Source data
=== Begin Enclosure ===
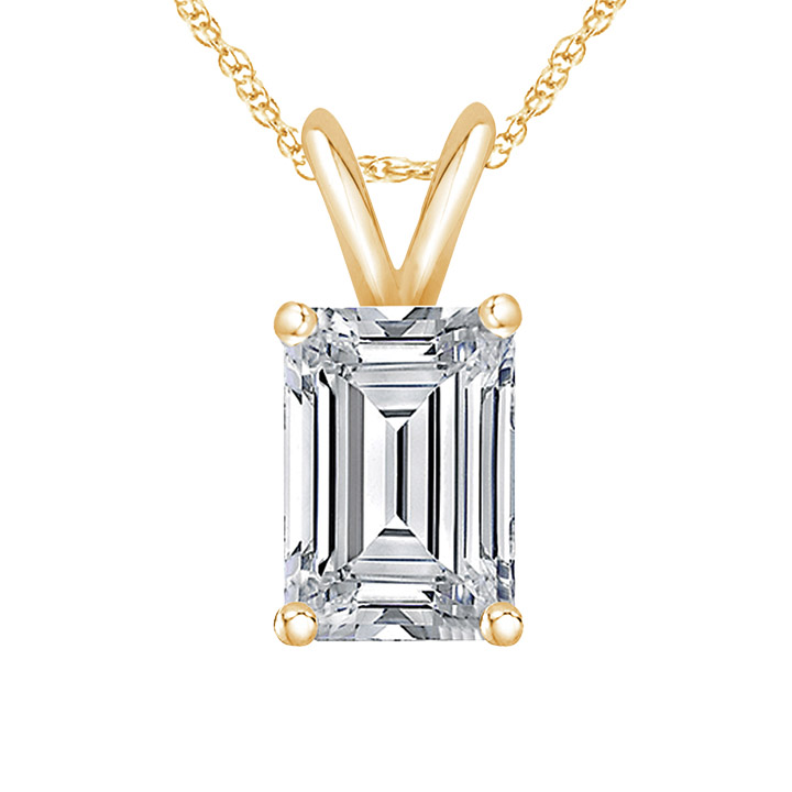 This beautiful, elegant and classic emerald-shaped lab-grown diamond pendant from Parikhs is suspended from a 10k yellow-gold chain. This necklace will glimmer from your neck! The diamond is 0.18-carats with EF color and VS2 clarity.
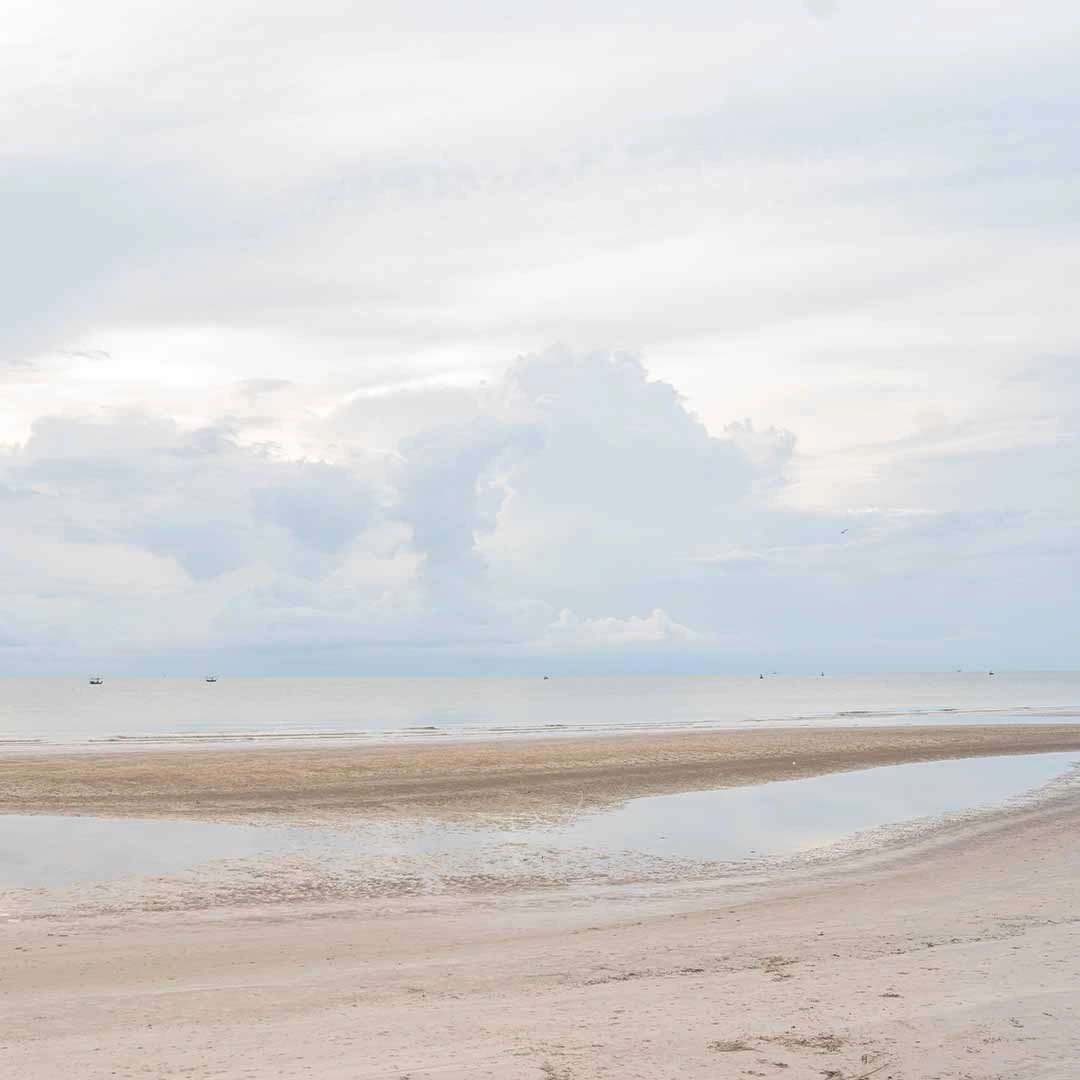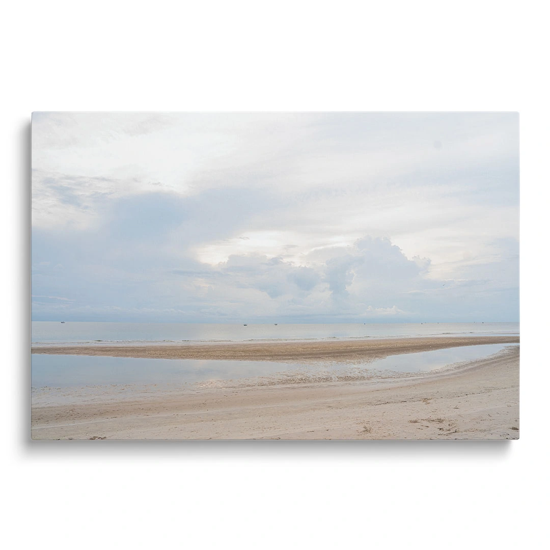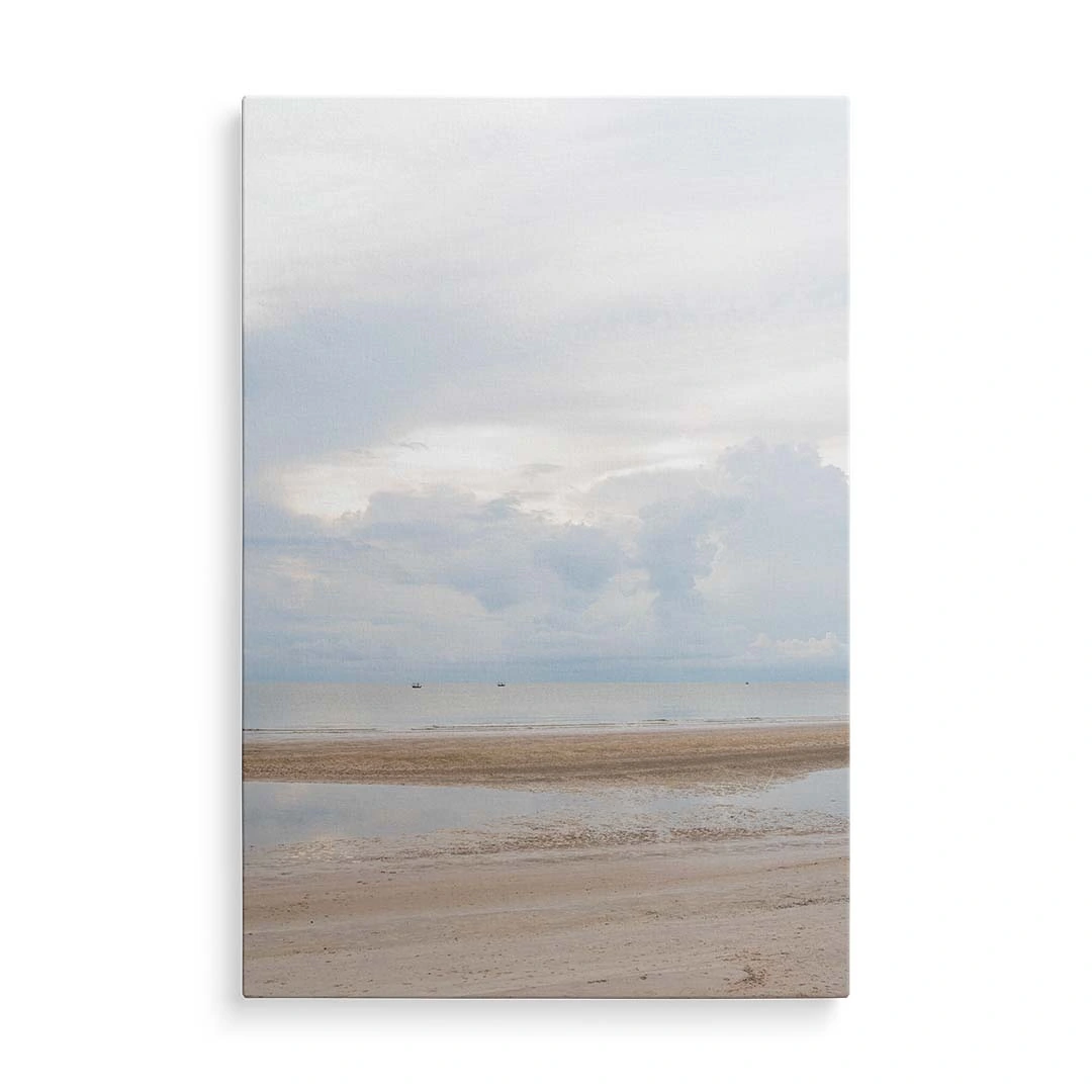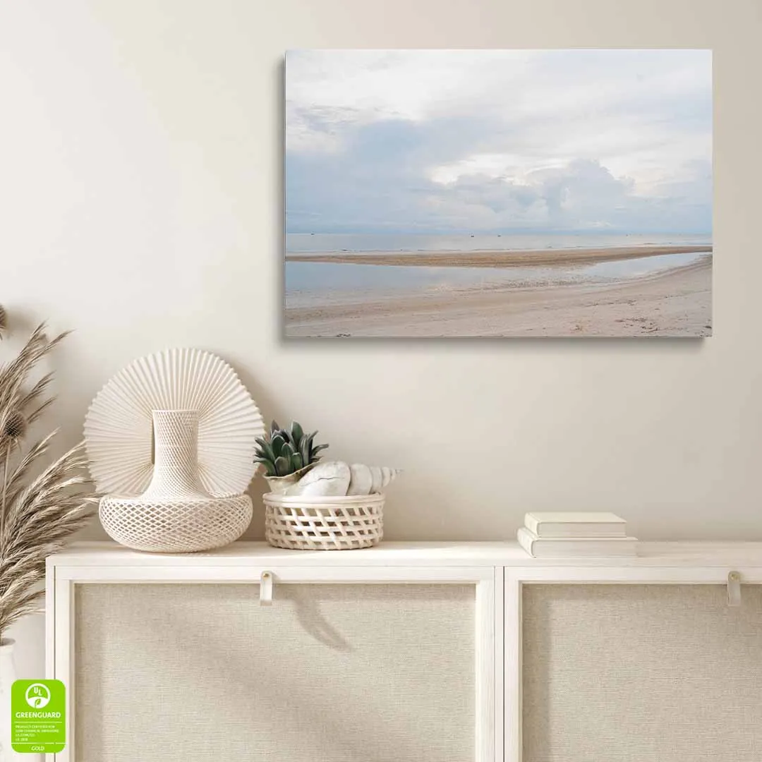 Obraz na szkle akrylowym - Pejzaż Plaży z Morzem, Piaskiem i Chmurami, Minimalistyczny Krajobraz do Salonu lub Sypialni
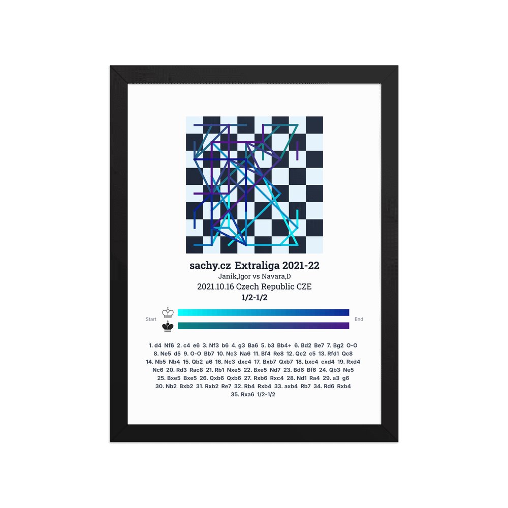 Museum-quality poster on thick, durable matte paper. A sharp, clean look for any chess visualisation.
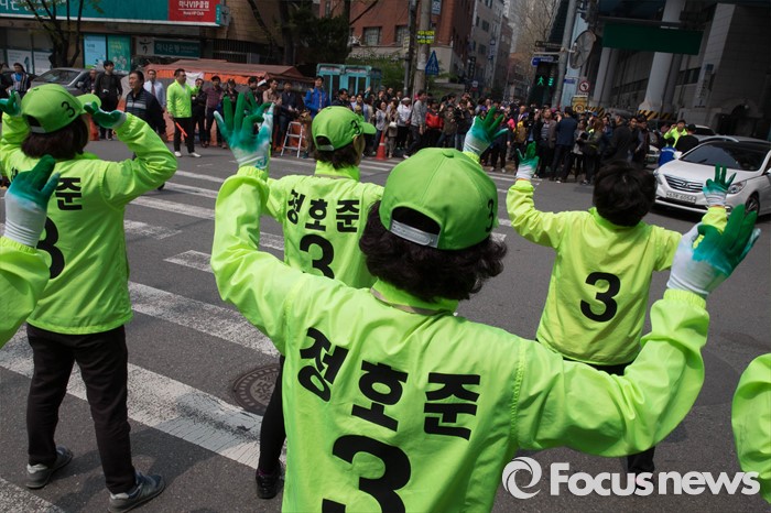 (서울=포커스뉴스) 20대 총선을 3일 앞둔 10일 오후 서울 성동구 옥수역 인근에서 정호준 국민의당 중구성동을 후보측이 선거운동을 하고 있다.
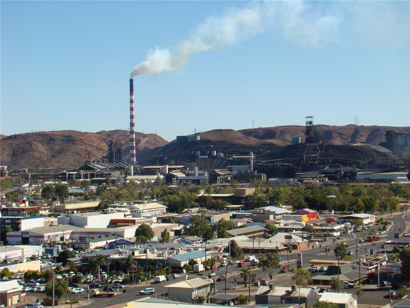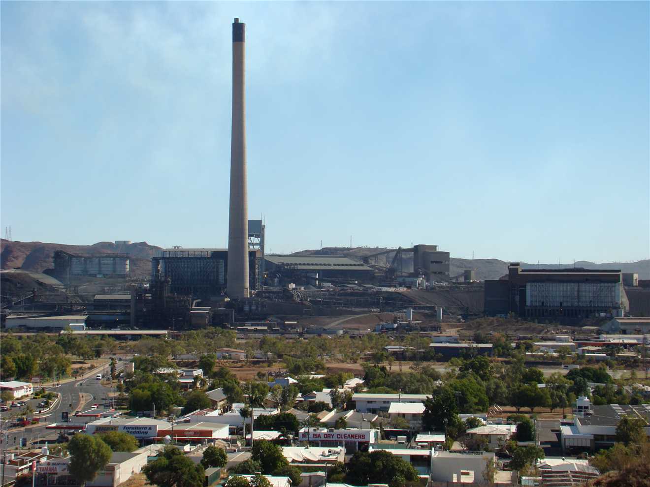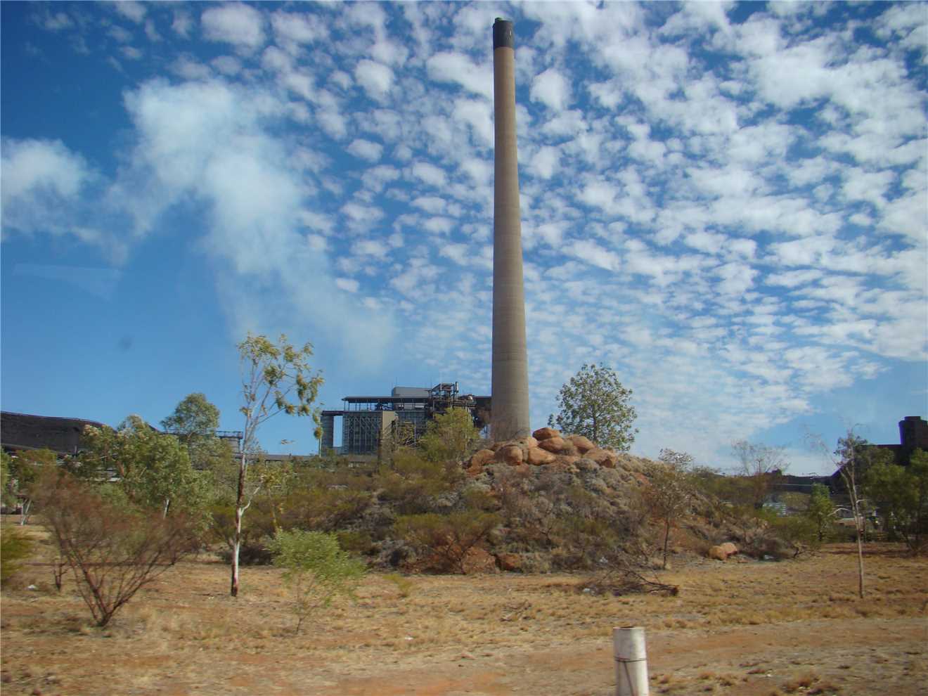 As you approach Mount Isa from the Cloncurry direction, your first sight of Mount Isa is the 2 large chimmney stacks,
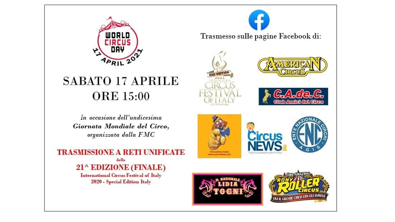 Il cartellone degli appuntamenti è ricchissimo ed abbraccia i diversi continenti; da Latina, sede storica dell’International Circus Festival of Italy, in accordo con l’Ente Nazionale Circhi, l’American Circus, il Circo Nazionale Lidia Togni, il Circo Rony Roller, circusfans.eu, circusnews.it, amicidelcirco.it, parte l’iniziativa di una trasmissione “a reti unificate”: saranno coinvolte le pagine web che vorranno aderire alla diffusione in “cross-posting” delle riprese realizzate durante la finale della più recente edizione del Festival, la numero 21, dello scorso Ottobre. La trasmissione è prevista per le ore 15 (ora italiana) di Sabato 17 Aprile. Le testate di settore interessate potranno dare cenno di adesione in tempo utile agli uffici di Produzione del Festival. Quanti vorranno assistere alla trasmissione potranno collegarsi via web ai principali canali di settore Sabato 17 Aprile alle ore 15.00. Il “cross-posting” consentirà a ciascuno di sentirsi “protagonista” dell’evento, facendolo proprio, tanto da diffonderlo sui propri canali favorendo la continuità delle relazioni con i propri followers e sostenitori.
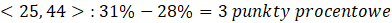 Do policzenia różnicę w punktach procentowych, wystarczy byś odjął od siebie procenty. Do obliczenia zmian w procentach musisz zastosować wzór na zmianę procentową.
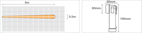 R-50 – 3 Вт сфокусированный луч на светодиодах (6°). Максимальная сила света на расстоянии 5 м составляет 360 люкс
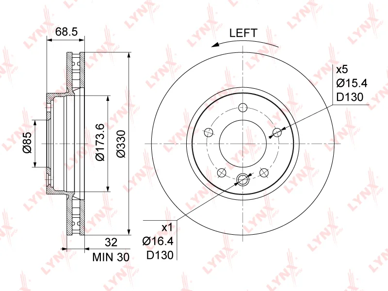 | Diameter holes, studs / PCD, mm | d 15,4 / PCD 130 |
=== End Enclosure ===
PROMPT — Retype the lines above exactly as they appear, from the line containing "Museum-quality poster on" through the line containing "As you approach", and leave out any pictures.

YOUR RESPONSE —
 Museum-quality poster on thick, durable matte paper. A sharp, clean look for any chess visualisation.
 (서울=포커스뉴스) 20대 총선을 3일 앞둔 10일 오후 서울 성동구 옥수역 인근에서 정호준 국민의당 중구성동을 후보측이 선거운동을 하고 있다.
 As you approach Mount Isa from the Cloncurry direction, your first sight of Mount Isa is the 2 large chimmney stacks,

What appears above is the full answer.